Buddy Ebsen (later of Beverly Hillbillies fame) gives a finely nuanced performance as Butch, the mediocre boxer who double-crosses the crime boss Marcellus by not throwing a fight as he had been commanded. He and Gundren (Marlene Dietrich) have plotted to collect from the bookie and leave the country on a steamer, except she has left the tickets back at his place.........Which doesn’t surprise us. We never actually see her using, but with her languid weltschmerz air she seems more like a hophead than Bogart’s Vega.
“Don’t go back there,” she warns Butch. “We can just buy new ones!”                        
But he needs every dime for their new life down in Rio- his winnings won’t exactly make them rich. So back they go, in his motorcycle with a teardrop sidecar. Butch gets the drop on Vega, kills him, and they retrieve the tickets. 
Meanwhile Edward G. Robinson susses out where she lives, hurries there, and finds her absent-minded telephone doodle lying crumpled in the waste basket, which provides enough clues---a drawing of a boat under a crescent moon, GATE 29 written repeatedly in a playful variety of styles---to give away their plans. He heads them off at the harbor. It is here that he and the boxer get into a huge knock-down fight, and they go rolling blindly into...    
Well it’s not an army surplus store run by vicious perverts. It’s a ship full of German spies. A small freighter. You wouldn’t think they would wear their Nazi uniforms on a spy mission to New York but here they are: Decked out in S.S. regalia so black and crisp and snugly-tailored, so bedizined with shiny doodads that it---along with having cast a bevy of gorgeous young blonde men right out of a Leni Reifenstahl film as the ship’s crew---seems to suggest the sinister homoeroticism that Tarantino would make explicit. In addition to the espionage mission they’ve been flooding the East Coast financial centers with counterfeit money, trying to destabilize the U.S. economy. [Allied Intelligence only learned of a plot like this in 1943. Did scriptwriter “Sam Simeon” perhaps know more than he let on?]
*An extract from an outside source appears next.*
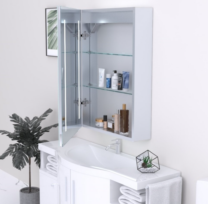 With two internal glass shelves, this cabinet offers ample room for organizing toiletries, grooming tools, or cosmetics in a neat, accessible way.
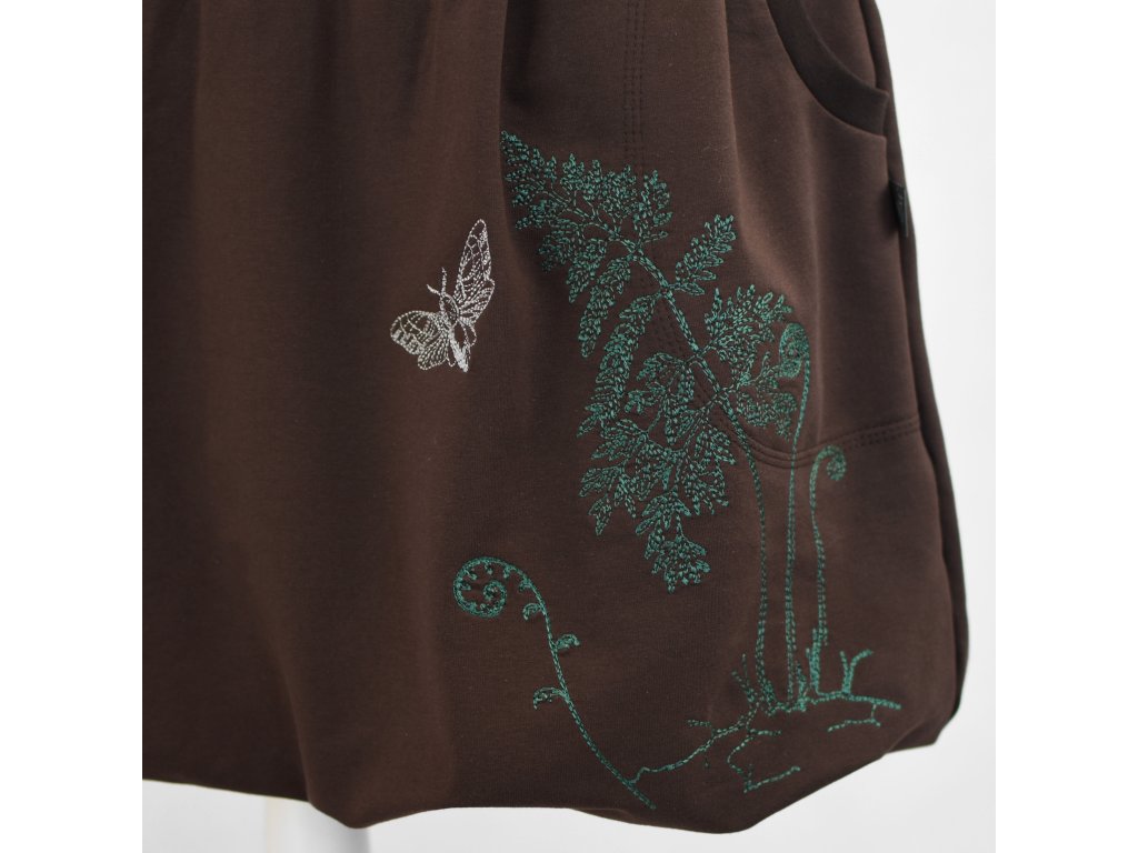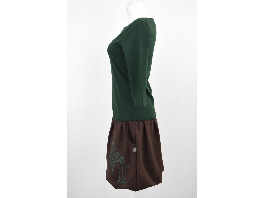 Dámské šaty s 3/4 rukávem přestřižené v bocích s gumičkou, dají se tak podkasat. Sukně je vypodšívkovaná, dvě kapsy v bocích.

Their mission completed, the Nazis prepare to set sail, and plan to dump the meddling Americans overboard 100 miles out. Here at last is Peter Lorre, playing the cruelly fanatical Aryan with a relish that Jewish-refugee actors in particular seemed to bring to these roles: Squinting around his monocle, cigarette held strangely in one clawlike hand, describing with sadistic glee what it will be like for them as they tire and drown! [Even this close to our entering the war, there were those at Paramount who thought the idea of having these villains be German was needlessly “political”.]
Butch manages to escape, and is about to slip over the gunwale---he’d better hurry, they’re casting off!---when he evidently has second thoughts about abandoning the crime boss to the murderous Krauts. (A conversation between Butch and Mia about Marcellus’s rough treatment of her revealled that the two men had once been friends.......before the gangster’s consuming arrogance reduced everyone in his life to the status of vassals and stooges). 
He evades them clear back to where Marcellus is held, unties him, and together they fight the twenty Nazis as the ship chugs toward the mouth of the harbor. Barrels of fuel on the open deck. Fire breaks out from the gun battle. They dive overboard just as the ship (an obvious model) explodes!
Butch pulls Marcellus, who looks like a drowned rat in his sodden suit, up onto the dock. It is obvious that he’s not much of a swimmer. The harbor is in pandemonium over the blazing ship, people running, the harsh screech of policeman’s whistles! The gangster decides he had best make himself scarce.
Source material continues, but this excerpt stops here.